So we have 1 duplicate in Peter Davis. Given I clerked for him this very much feels like biting the hands that feeds me – but on the other hand, I can’t say that he counts as two.

Issue 3 – Turning Names into Data (quick solution)

We’re going to turn our judicial names into male female and total counts. We can also add a new column for general totals. A 5 minute google search gave all the ambiguous names genders.

Issue 4 – Combining Categories.

Due to different counting systems being used – the categorization of practitioners by location is split into two subsets. For example, Pre 2021 there was a category for ‘regional, post that is split into a series of sections, (e.g. FNQ and central Queensland). Resultantly, we’re going to have to fuse some data.
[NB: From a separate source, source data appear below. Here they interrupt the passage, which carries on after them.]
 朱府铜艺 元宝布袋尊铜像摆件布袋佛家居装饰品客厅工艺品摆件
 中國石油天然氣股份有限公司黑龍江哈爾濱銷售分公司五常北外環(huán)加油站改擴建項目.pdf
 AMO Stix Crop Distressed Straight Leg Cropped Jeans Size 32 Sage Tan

The two systems in the data we took are as follows

At a closer look – these are actually consequentially different – as the former separates the private and employed bar – and the latter doesn’t. So our original plan to fuse these has failed catastrophically. Oh well, easy come easy go.

Solution

There is no clean solution. The data is substantially different, and ultimately incompatible. We could get broad trends with totals, but overall they do not overlap as one is geographically distributed and one is geographically distributed and distributed by role – adding a dimension of complexity. Again as this is meant to be cursory – we will not attempt to ‘remove’ the extra dimension.

Nevertheless, with 8 years of data on the former set, we can do some analysis on that, accepting the newer data is different (note different does not mean bad – I personally think it’s very useful, but it does mean in this case probable incompatibility)
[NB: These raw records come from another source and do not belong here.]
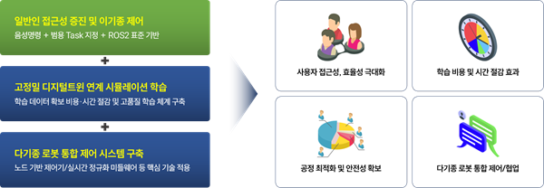 이러한 한계를 극복하기 위해 디지털트윈 기술을 활용한 ‘다기종 협업 AI로봇 플랫폼’이 해법으로 부상하고 있다. 디지털트윈 환경에서 실제 환경과 동일하게 구현되고 고품질 행동 데이터를 생성·학습함으로써 데이터 부족 문제를 해결하고 중견 기업의 진입 장벽을 낮추는 것이 핵심이다. 해당 플랫폼의 기술 개발은 다중제어 기술을 가속화하여, 다기종 로봇 간의 유기적 협업과 안전성을 동시에 확보하는 결정적 분기점이 될 것으로 전망된다.
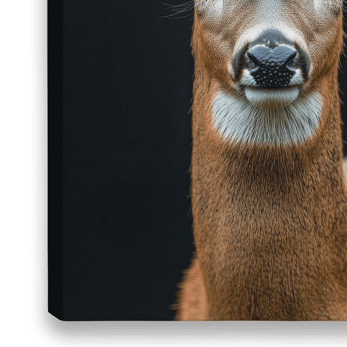 Een majestueus hert met indrukwekkende, vertakte horens straalt een kalme gratie uit terwijl zijn levendige ogen de kijker recht aankijken. Deze fascinerende afbeelding van wilde dieren brengt liefde voor de natuur in je huis en zou perfect passen in een woonkamer of studeerkamer, waar het een rustgevende sfeer kan creëren.
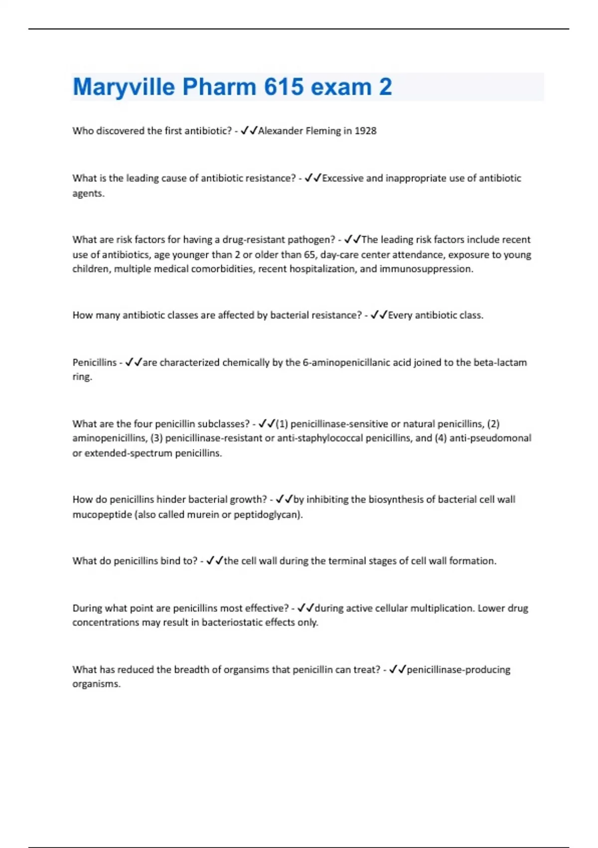 Who discovered the first antibiotic? - Alexander Fleming in 1928 What is the leading cause of antibiotic resistance? - Excessive and inappropriate use of antibiotic agents. What are risk factors for having a drug-resistant pathogen? - The leading risk factors include recent use of antibiotics, age younger than 2 or older than 65, day-care center attendance, exposure to young children, multiple medical comorbidities, recent hospitalization, and immunosuppression. How many antibiotic classes are affected by bacterial resistance? - Every antibiotic class. Penicillins - are characterized chemically by the 6-aminopenicillanic acid joined to the beta-lactam ring. What are the four penicillin subclasses? - (1) penicillinase-sensitive or natural penicillins, (2) aminopenicillins, (3) penicillinase-resistant or anti-staphylococcal penicillins, and (4) anti-pseudomonal or extended-spectrum penicillins. How do penicillins hinder bacterial growth? - by inhibiting the biosynthesis of bacterial cell wall mucopeptide (also called murein or peptidoglycan). What do penicillins bind to? - the cell wall during the terminal stages of cell wall formation. During what point are penicillins most effective? - during active cellular multiplication. Lower drug concentrations may result in bacteriostatic effects only. What has reduced the breadth of organsims that penicillin can treat? - penicillinase-producing organisms.What is the only natural penicillin commercially available? - penicillin. What is penicillin (naturally occurring type) active against? - aerobic, gram-positive organisms. Name aminopenicillins. - ampicillin and amoxicillan. What are aminopenicillins active against? - gram-positive organism, and greater activity against gram-negative bacteria because of their enhanced ability to penetrate the outer membrane of these organisms
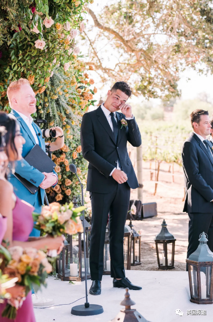 而新郎站在过道的终点,擦着眼泪等着牵过新娘的手。

Issue 5 – percentages and totals

We’re going to convert our percentages into round numbers so our columns are all the same. As we have totals, this is a relatively trivial process

Plots and Patterns (and a new excel)

Set1_cycle_1_clean Download

Lets start by plotting the basic sexist stuff – because that is the easiest statistic to look at on this data. Lets look at female representation, Silk Appointment percentage, and gender of appointments. We can also look at total appointments compared to the number of lawyers. Also lets look at regional/city distributions

We can just use a lineplot to do the basics, and this should be illustrative. We can then drill down on anything interesting.

As this is not a ‘equality’ piece per-se, and just some guy randomly looking at data – this isn’t the article to discuss targets or the like (and if I did it would blow out in length as there are a lot of complicated historical figures that color the statistics). As such, I will focus on the data, not the implications behind it or associated information that could be used in conjunction with it.

Lets start by looking at membership and silk appointments by gender.

Silks and Barristers

This final plot is not intuitive. It is the percentage of members of each gender promoted to silk each year – or a combination of the above two tables.

Basic Analysis

So we have a ‘very’ slow improvement in the total number of females, but not as much as perhaps would be expected. The bar is still overwhelmingly comprised of males.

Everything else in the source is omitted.